**WORK TO COMPLETE**: Copy the listing exactly, images excluded.

**RECORDED DATA**:

────────

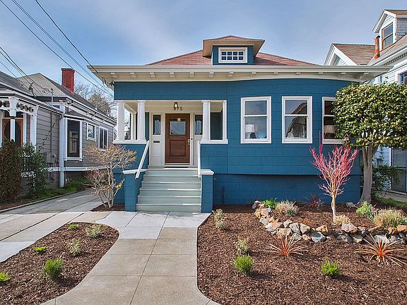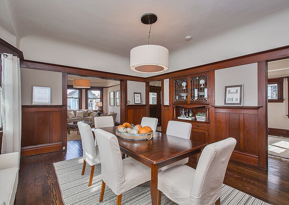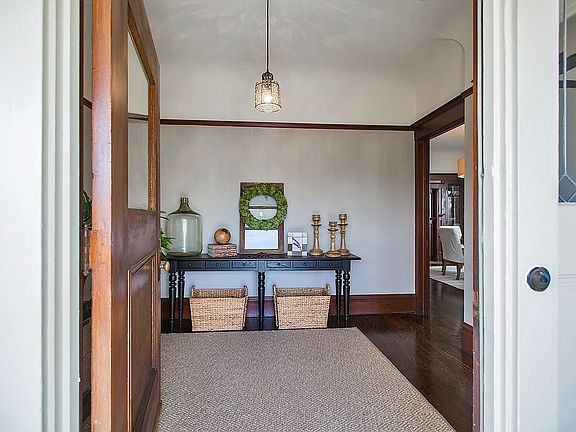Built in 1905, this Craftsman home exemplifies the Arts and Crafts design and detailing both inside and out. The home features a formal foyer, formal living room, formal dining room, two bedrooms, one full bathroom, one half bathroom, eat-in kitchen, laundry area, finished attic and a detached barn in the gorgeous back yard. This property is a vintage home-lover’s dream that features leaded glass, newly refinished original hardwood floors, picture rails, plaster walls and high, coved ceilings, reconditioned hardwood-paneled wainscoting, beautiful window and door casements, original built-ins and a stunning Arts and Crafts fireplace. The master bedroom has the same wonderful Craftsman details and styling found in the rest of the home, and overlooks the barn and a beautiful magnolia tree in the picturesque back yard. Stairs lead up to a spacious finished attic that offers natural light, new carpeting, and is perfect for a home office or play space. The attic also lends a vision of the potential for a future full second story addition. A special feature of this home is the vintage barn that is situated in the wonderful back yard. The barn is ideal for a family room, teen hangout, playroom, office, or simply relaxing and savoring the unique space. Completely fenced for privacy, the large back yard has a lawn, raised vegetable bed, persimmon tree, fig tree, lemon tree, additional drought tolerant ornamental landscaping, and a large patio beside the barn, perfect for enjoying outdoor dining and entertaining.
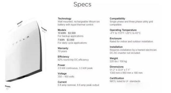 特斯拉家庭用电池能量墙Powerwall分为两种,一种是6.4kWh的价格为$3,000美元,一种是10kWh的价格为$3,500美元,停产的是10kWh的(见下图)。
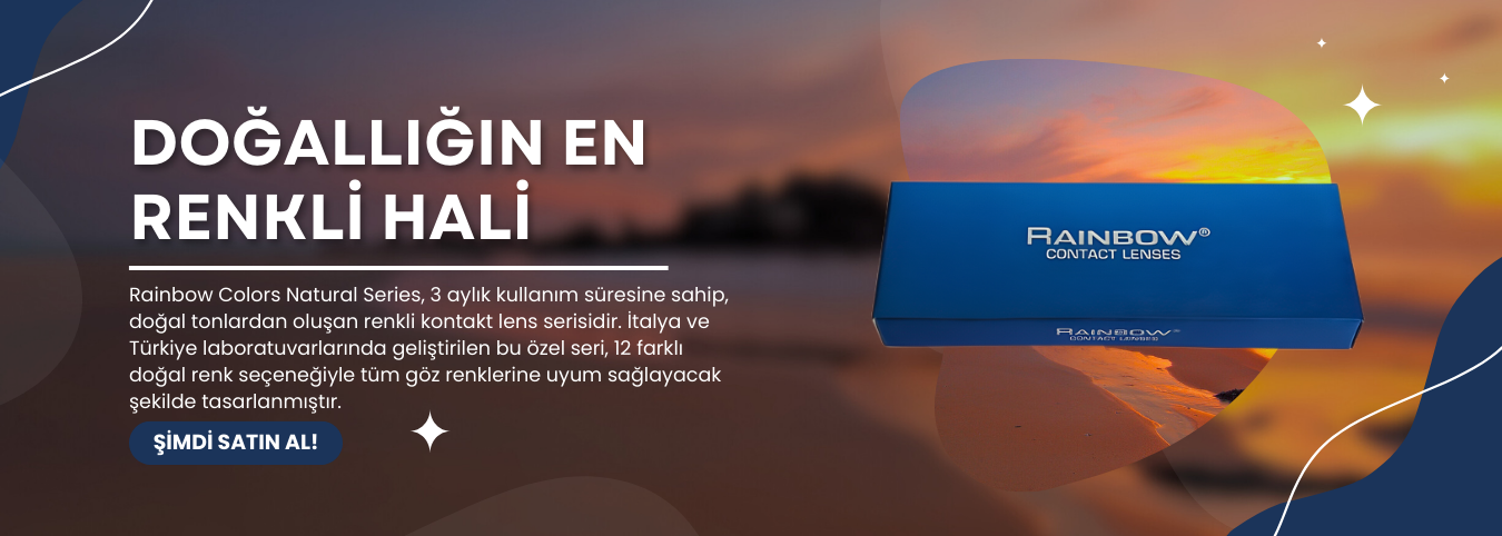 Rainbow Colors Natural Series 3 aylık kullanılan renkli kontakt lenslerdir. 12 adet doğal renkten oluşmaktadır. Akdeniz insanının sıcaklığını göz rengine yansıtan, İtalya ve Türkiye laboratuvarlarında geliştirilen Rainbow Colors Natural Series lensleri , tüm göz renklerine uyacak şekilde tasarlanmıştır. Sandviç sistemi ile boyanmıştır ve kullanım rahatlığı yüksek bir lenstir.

────────

**EXERCISE ANSWER**:
Built in 1905, this Craftsman home exemplifies the Arts and Crafts design and detailing both inside and out. The home features a formal foyer, formal living room, formal dining room, two bedrooms, one full bathroom, one half bathroom, eat-in kitchen, laundry area, finished attic and a detached barn in the gorgeous back yard. This property is a vintage home-lover’s dream that features leaded glass, newly refinished original hardwood floors, picture rails, plaster walls and high, coved ceilings, reconditioned hardwood-paneled wainscoting, beautiful window and door casements, original built-ins and a stunning Arts and Crafts fireplace. The master bedroom has the same wonderful Craftsman details and styling found in the rest of the home, and overlooks the barn and a beautiful magnolia tree in the picturesque back yard. Stairs lead up to a spacious finished attic that offers natural light, new carpeting, and is perfect for a home office or play space. The attic also lends a vision of the potential for a future full second story addition. A special feature of this home is the vintage barn that is situated in the wonderful back yard. The barn is ideal for a family room, teen hangout, playroom, office, or simply relaxing and savoring the unique space. Completely fenced for privacy, the large back yard has a lawn, raised vegetable bed, persimmon tree, fig tree, lemon tree, additional drought tolerant ornamental landscaping, and a large patio beside the barn, perfect for enjoying outdoor dining and entertaining.
 特斯拉家庭用电池能量墙Powerwall分为两种,一种是6.4kWh的价格为$3,000美元,一种是10kWh的价格为$3,500美元,停产的是10kWh的(见下图)。
 Rainbow Colors Natural Series 3 aylık kullanılan renkli kontakt lenslerdir. 12 adet doğal renkten oluşmaktadır. Akdeniz insanının sıcaklığını göz rengine yansıtan, İtalya ve Türkiye laboratuvarlarında geliştirilen Rainbow Colors Natural Series lensleri , tüm göz renklerine uyacak şekilde tasarlanmıştır. Sandviç sistemi ile boyanmıştır ve kullanım rahatlığı yüksek bir lenstir.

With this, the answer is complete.